In early May 1906 as he jettisoned Witte for the second and last time, Nicholas II provided his interpretation of the October Manifesto by issuing a new version of Russia’s Fundamental Laws. The document was a tremendous disappointment to most liberals and even to many moderates. The czar, while giving significant ground where he had no choice, dug in his heels wherever he could. He made his attitude unmistakably clear by retaining the old formula, “To the Emperor of All the Russias belongs supreme autocratic power.” Only the words “and unlimited” had been cut from the old wording, a minor change that provided little comfort to those who hoped Russia would become a genuine constitutional monarchy.

The czar in fact retained the great majority of his traditional powers: He still appointed all ministers, kept complete control over foreign policy and the military part of the budget, and could veto any legislation. He would appoint half the members of the upper house of parliament. The lower house, the Duma, would be elected under a weighted system that favored the propertied and conservative classes. The czar could also dismiss the Duma and call for new elections at any time and, under article 87, could issue emergency laws while the Duma was not in session, although those laws required the Duma’s approval to remain in force.

Still, Russia had made progress. The Duma did have real legislative powers, which it proceeded to use. During its 11-year history – there were four elections during that period – it included representatives from archreactionaries on the right to liberals and moderates in the center to revolutionaries – SRs, Mensheviks, and even Bolsheviks – on the left. Between 1906 and the start of World War I in 1914, the Duma enacted important legislation that, among other things, improved the condition of the peasantry, expanded primary and secondary education, and provided the factory working class with minimal protections.

The Duma did not make Russia a constitutional monarchy comparable to Great Britain, but its existence belied the claim in the Fundamental Laws that Nicholas II was still a “supreme autocrat.”

Nor was Russia’s progress limited to political change. Industrial growth, while less than what was achieved under Witte, continued at an impressive rate, and by the outbreak of World War I Russia ranked as the world’s fi fth-largest industrial power in terms of overall output. The most dramatic changes were in agriculture, where government policy took a new direction in mid-1906 under Prime Minister Peter Stolypin.

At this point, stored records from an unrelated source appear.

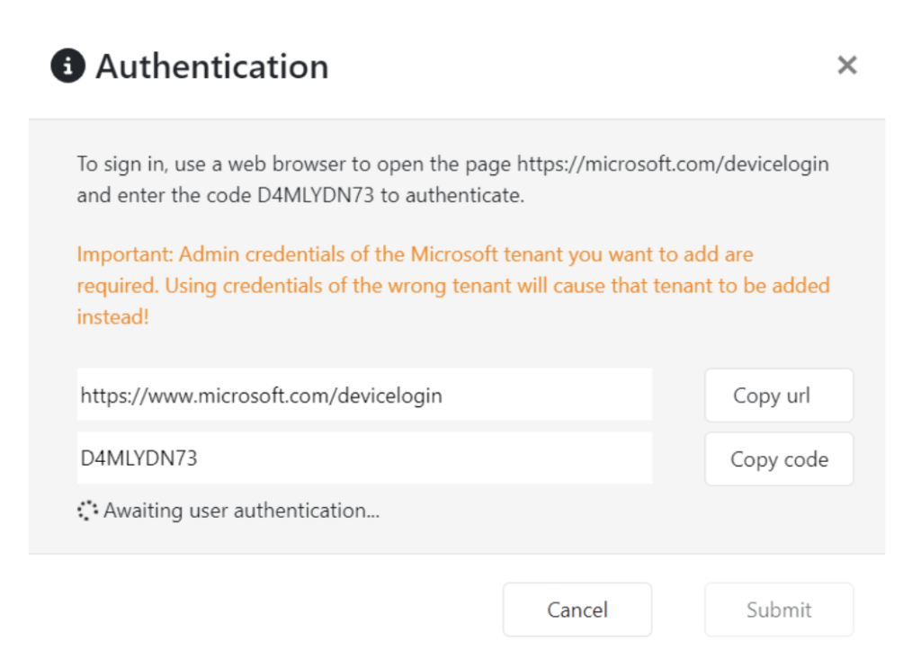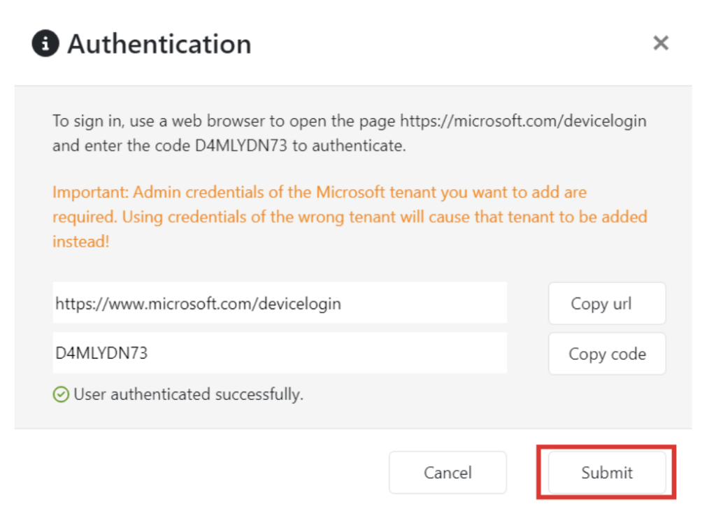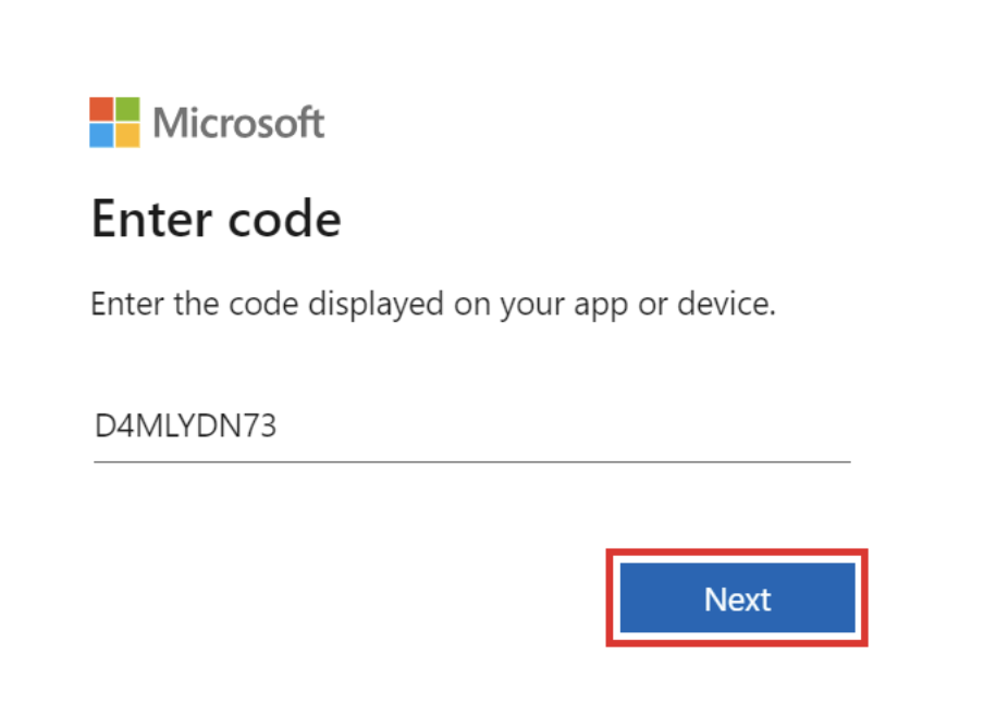 - Voer de code die in het vorige scherm gegenereerd is in en klik op Next.
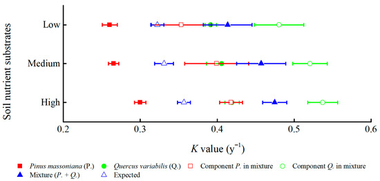 Similarly, over the experiment period, the decomposition constant (k value) showed a significant difference among the leaf litter type and soil conditions (Figure 2). The litter k value of P. massoniana was always lower than that of Q. variabilis, regardless of the treatments of soil nutrient substrate and whether the comparison was of the single or among the components in the mixture (p < 0.01 to 0.001 for the three single cases; p = 0.008 to >0.05 for the three component cases, which was only significant in the treatment with a high soil nutrient substrate). In addition, the k value of the mixture was always larger than that of the two single litter types, regardless of the soil nutrient substrate (significance: p < 0.05, except for the two cases in the medium and low soil nutrient substrate for the comparison between the mixture and single litter of Q. variabilis). Compared with the excepted k value, the corresponding observed value in the three soil nutrient substrate treatments was significantly larger (significance: p < 0.05, except for the case in low soil nutrient substrate, which was equal to 0.05).
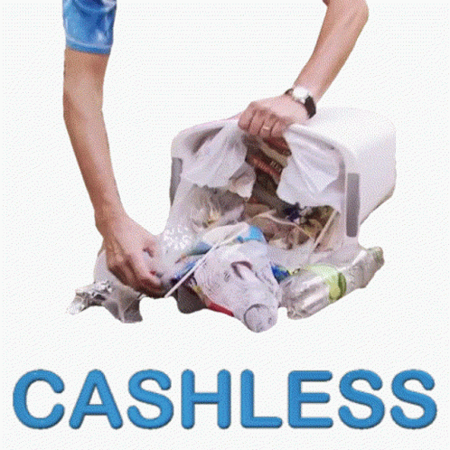 An animated clip showing hands putting trash into a bin, revealing the message 'Cashless Society'.
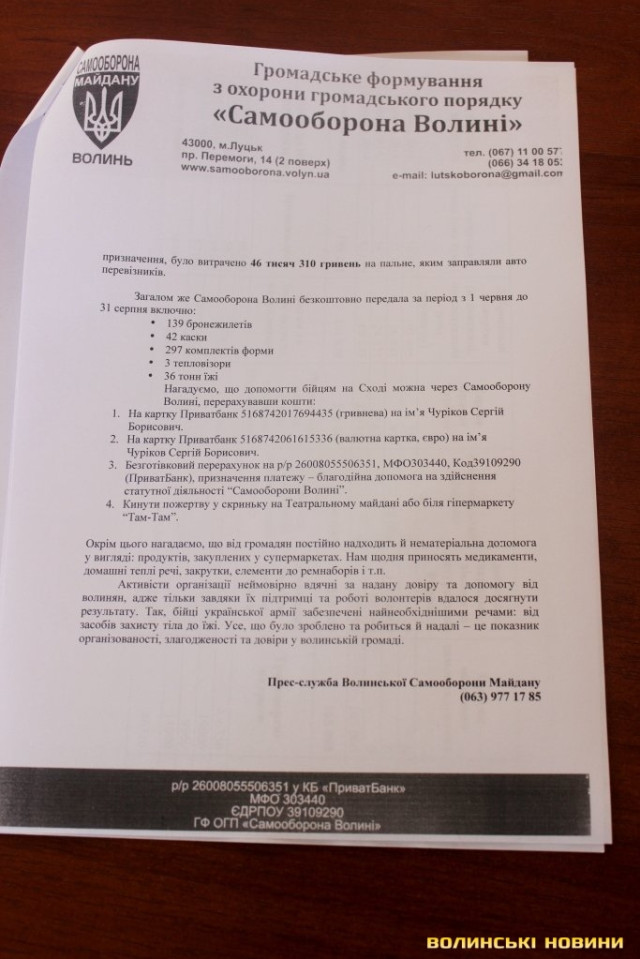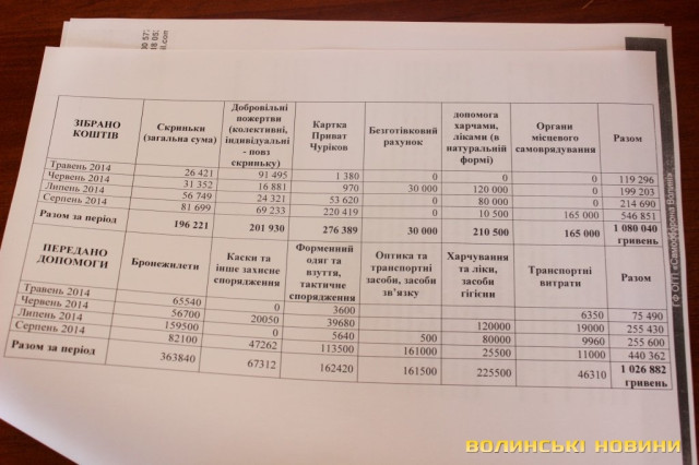 Зі скриньок, які постійно стоять на Театральному майдані та поблизу гіпермаркету «Там Там», протягом травня-серпня зібрали 196 тисяч 221 гривню. Це переважно невеликі пожертви пересічних волинян. У формі добровільних пожертв надійшла 201 тисяча 930 гривень. Окрім цього, на карту фінансового директора Самооборони Сергія Чурікова було нараховано 276 тисяч 389 гривень. На безготівковий рахунок організації у червні перерахували 30 тисяч гривень. З обласного бюджету за посередництвом Самооборони бійцям на Сході перерахували 165 тисяч гривень, з них 70 тисяч - на військову форму та 95 тисяч – на тепловізори.

Stolypin called his policy the “wager on the strong,” by which he meant those peasants capable of achieving prosperity if given the chance. The “wager” was that if millions of peasants were freed from the restrictions imposed by their communes and other anachronistic limits left over from the emancipation, they would succeed and become property owners with something to lose. They would then turn into conservative supporters of the established order, much like peasants in western Europe tended to be. Freed from the inherent inefficiencies of communal ownership, they would also become far more productive and enrich Russia as they prospered. Stolypin’s program released peasants from obligatory membership in their communes, allowed them to claim their communal allotments as private property, and, finally, permitted them to consolidate their scattered strips of land into a single plot.

When his program began in 1906, Stolypin said Russia needed 20 years of peace to transform the countryside. Indeed, after only 10 years the results were visible and impressive. By 1916, about half of all peasant households had left their communes and owned their land privately, and about 10 percent had consolidated their holdings into a single plot. But by then Stolypin’s program and everything else in Russia was under a dark cloud. One problem was that Stolypin, the guiding force behind the “wager on the strong,” was dead, the victim in 1911 of a revolutionary assassin’s bullet. Even worse, Russia was no longer at peace. Since 1914 the empire had been a belligerent in World War I, and it was beginning to buckle under a strain that even the most advanced European powers were finding hard to bear.